Therefore, we believe that such modification, albeit attractive in
its simplicity, falls short of addressing all the problems
identified with the definition of the RFC 2598.
Appendix B: Further Interpretation of the Packet Scale Rate Guarantee
Definition
The intuitive meaning of the packet scale rate guarantee is that as
long as there are EF packets in the node, we would like the j-th EF
packet to depart L(j)/R seconds after the (j-1)st departed. (L(j)/R
is the time that it would take to forward the j-th packet at the EF-
configured rate R.) Were this always to occur, the EF packets would
be forwarded perfectly. The rest of the definition is a concession
to the extreme unlikelihood that perfect forwarding can occur.

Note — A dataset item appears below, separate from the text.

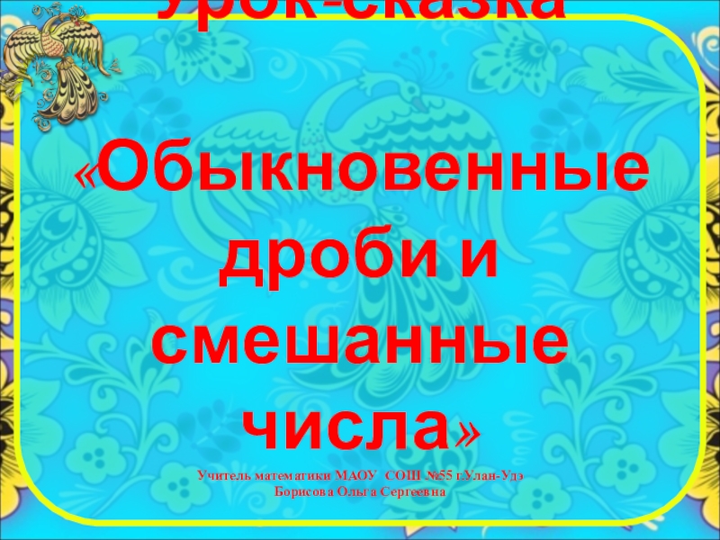 Слайд 1Урок-сказка «Обыкновенные дроби и смешанные числа» Учитель математики МАОУ СОШ №55 г.Улан-Удэ Борисова Ольга

Perhaps the simplest way to understand the definition is to dissect
it and examine its various pieces.
Consider the term min(d(j-1), F(j-1)). This term exists to ensure
that the node is not given "credit" for faster-than-configured
service and is not forgiven for slower-than-configured service.

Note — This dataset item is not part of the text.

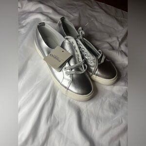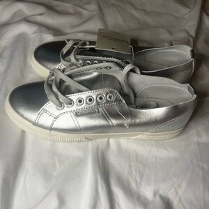 Elevate your style with these metallic silver Superga sneakers. Sleek and versatile for any look.
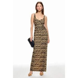 The Simkhai Aldina Maxi Dress is a standout piece with its sleek silhouette and elegant design. Perfect for cocktail parties or evening events, it pairs effortlessly with strappy heels and minimal accessories for a sophisticated look.

Suppose that this term was replaced with d(j-1) or with F(j-1).
Replacing min(d(j-1), F(j-1)) with d(j-1) would permit the node to
give the EF aggregate a consistently lower rate of service than the
configured rate whenever E > 0. To see this, suppose that we make
the replacement, that all packets have size MTU, and that a(j) <=
d(j-1). (This last condition means that the node is continuously
backlogged with EF packets over the time interval under discussion.)

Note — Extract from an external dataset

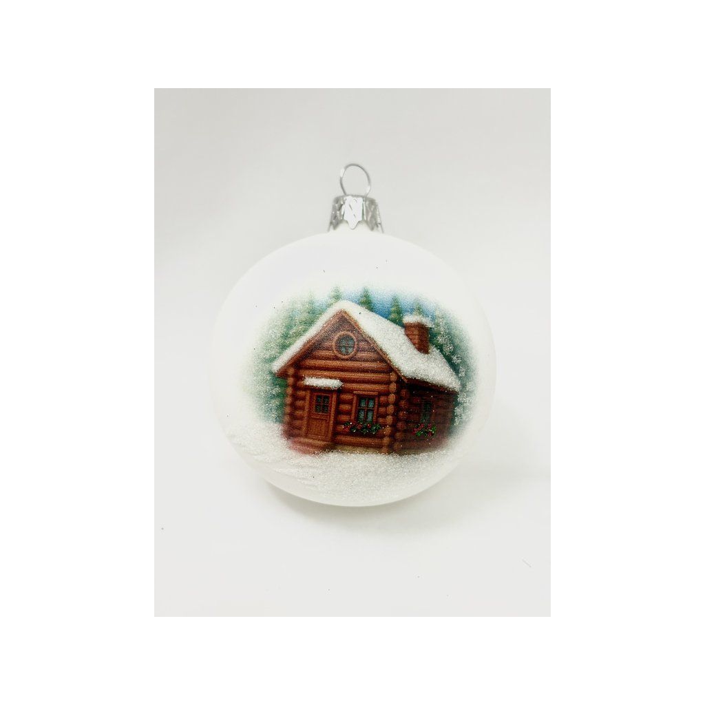 Sklenená guľa s priemerom 8 cm s motívom zasneženej chalúpky. Ručná výroba, luxusné balenie a možnosť doplniť ozdobu vlastným textom.

Then, using the revised definition, we would have
F(j) = d(j-1) + MTU/R
d(j) <= F(j) + E = d(j-1) + MTU/R + E
Charny May 2000 15
EF PHB Redefined Nov 2000
which would imply
[d(j) - d(j-1)] <= MTU/R + E
This last inequality says that the node would be permitted to send
an MTU-sized packet every (MTU/R)+E seconds. If E > 0, this rate
would be consistently slower than R and is clearly not acceptable EF
PHB.
Replacing min(d(j-1), F(j-1)) with F(j-1) would award the node
"credit" for faster-than-configured service. It would be possible
for the node to accumulate this credit by forwarding several EF
packets in a row, each earlier than required. The node could then
redeem this credit by delaying the next EF packet until all the
credit plus the normal inter-packet interval was consumed. To see
this, suppose we make the replacement, that all packets have size
MTU, and that a(j) <= F(j-1). (This last condition means that the
next EF packet arrives before the previous packet was scheduled to
depart.) Then, using this revised definition, we would have
F'(j) = F'(j-1) + MTU/R and d(j) <= F'(j) + E
Suppose that we have a node with negligible internal delay, that its
output line rate is C = 3R, and that it forwards n EF packets back-
to-back. We would have
F'(1) = MTU/R; d(1) = MTU/C
F'(2) = F'(1) + MTU/R = 2MTU/R; d(2) = 2MTU/C
...
F'(n) = F'(n-1) + MTU/R = nMTU/R; d(n) = nMTU/C
By the time the n-th EF packet is forwarded, the node has
accumulated credit amounting to n(MTU/R - MTU/C). Using the example
assumption that C = 3R, the node has accumulated credit equal to
(2n/3)MTU/R. The (n+1)th EF packet need not be forwarded until
(2n/3)MTU/R + E seconds have elapsed from the time that the n-th
packet was forwarded. Depending upon the actual values of n and R
(which may be much less than 1/3 the output line rate), a sizeable
amount of jitter between the n-th and (n-1)th EF packets would be
produced.
These two alternative definitions illustrate the role of the
min(d(j-1), F(j-1)) term - to ensure that the node forwards EF
packets at at least the configured rate over both large and small
time scales.
The a(j) term and the maximum operator are included for purely
technical reasons. First, their presence says that the node does not
have to forward an EF packet that has not yet arrived. Absurd as
such a notion may be, without the term and the operator, the
definition would formally insist that EF packets continue to be
forwarded even when there are none to be forwarded.
Charny May 2000 16
EF PHB Redefined Nov 2000
If this were the only purpose for including the a(j) term and the
maximum operator, it would be much clearer to simply add the
condition that the definition applies only when the node has
backlogged EF packets. However, there is a second reason why the
definition is written as it is - the possibility that the node has
non-negligible internal delay between the input and the output. Such
things as header processing, route look-up, and delay in switching
through a multi-layer fabric could cause this delay.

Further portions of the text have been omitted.